Prima di essere dimesso sono passati 45 giorni, sempre a letto, molti intubato. Non ricordo neppure quanti, so solo che hanno usato tutti i farmaci disponibili. Fino all’antivirale Revistivir che, dal primo aprile, ha iniziato a fare effetto.

Immaginiamo sia stata davvero dura...

Durissima. Sono dimagrito di 11 chili, ma mia moglie Rosanna perfino di tre, per la preoccupazione di non vedermi mai più. Poi il mix di farmaci - per una settimana mi hanno dato anche oppiacei - per giorni e giorni mi ha mandato fuori di testa. Sentivo le voci di mia moglie, della mia famiglia provenire dal corridoio. Una notte sono caduto dal letto, nel tentativo di alzarmi e di uscire a vederle. Amorevolmente le infermiere, i medici, mi spiergavano che non era possibile. Nessuno poteva entrare in quell’ospedale. Poi ci sono ancora tutti gli effetti collaterali di malattie e cure: l’emoglobina sottozero, la debolezza cronica, la muscolatura che scompare, le flebiti, i dolori ai reni e dappertutto, il fiato che manca. Ma sono vivo, questo conta. Ero sempre stato bene, avevo perfino fatto l’ultima donazione a dicembre, a marzo sarei dovuto tornare a farla.

Ecco i medici, il personale, li hanno chiamati “eroi”, ora invece...

Guai a chi dimentica quelle persone!

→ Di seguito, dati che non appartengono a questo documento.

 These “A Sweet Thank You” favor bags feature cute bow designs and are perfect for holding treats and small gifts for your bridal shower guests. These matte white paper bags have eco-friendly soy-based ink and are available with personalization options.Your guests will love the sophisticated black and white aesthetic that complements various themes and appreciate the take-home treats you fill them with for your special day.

Chiamarli eroi è poco. Mai vista una tale dedizione. Sono stati angeli, con chiunque. Dal primario all’ultima delle Oss, dispensavano a tutti non solo le cure, ma una carezza, una parola buona. Ogni giorno, ogni momento. Ci facevano coraggio, mentre negli scarsi momenti di lucidità di quei giorni mi rendevo conto che anche loro erano disperati nel veder morire la gente. Ricordo quando mi hanno tolto l’ossigeno (eravamo in stanze da due) mi son potuto girare. Ho visto che lo mettevano al mio vicino di letto: 94 anni, nessuna speranza. Ma gli parlavano, fino all’ultimo. Non dimentichiamoli, questi angeli.

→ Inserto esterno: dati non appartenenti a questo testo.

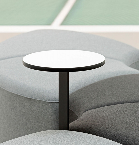 The BEND range has accessories such as side tables at the height of the seat, writing pads, leg extensions to use as table structures, or even the possibility of combining furniture with vegetation. Options that revolve around the resulting layout, making it even more dynamic in nature.
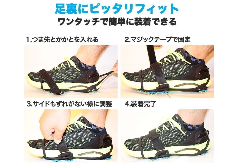 本製品は、今までになかった発想でスニーカーや運動靴の上から履くだけで簡単にゴルフシューズにすることができるのが大きな特徴です。

Che diresti a chi non ne è stato colpito, a chi nega perfino...

Ai cretini non farmi rispondere. Per tutti gli altri dico che non dobbiamo rilassarci e usare ogni precauzione. Manteniamo ancora le distanze, usiamo le mascherine...

Ti è arrivata la lettera di invito a donare plasma iperimmune? Sì. E avrei voluto farlo fra i primi. Ma i medici me l’hanno proibito. Ho le piastrine bassissime, dopo le cure.

Ci vediamo presto?

Certamente, con la mascherina!

Francesco Magarotto: Sopra: “beccato” nel letto, dopo essersi ripreso un pò. La fonte della foto non la riveleremo mai neanche a lui... In basso: il giorno in cui, scaduti i 14 giorni di “quarantena casalinga” dopo la dimissione, è potuto tornare nel suo soggiorno e riabbracciare dopo mesi moglie e figlie.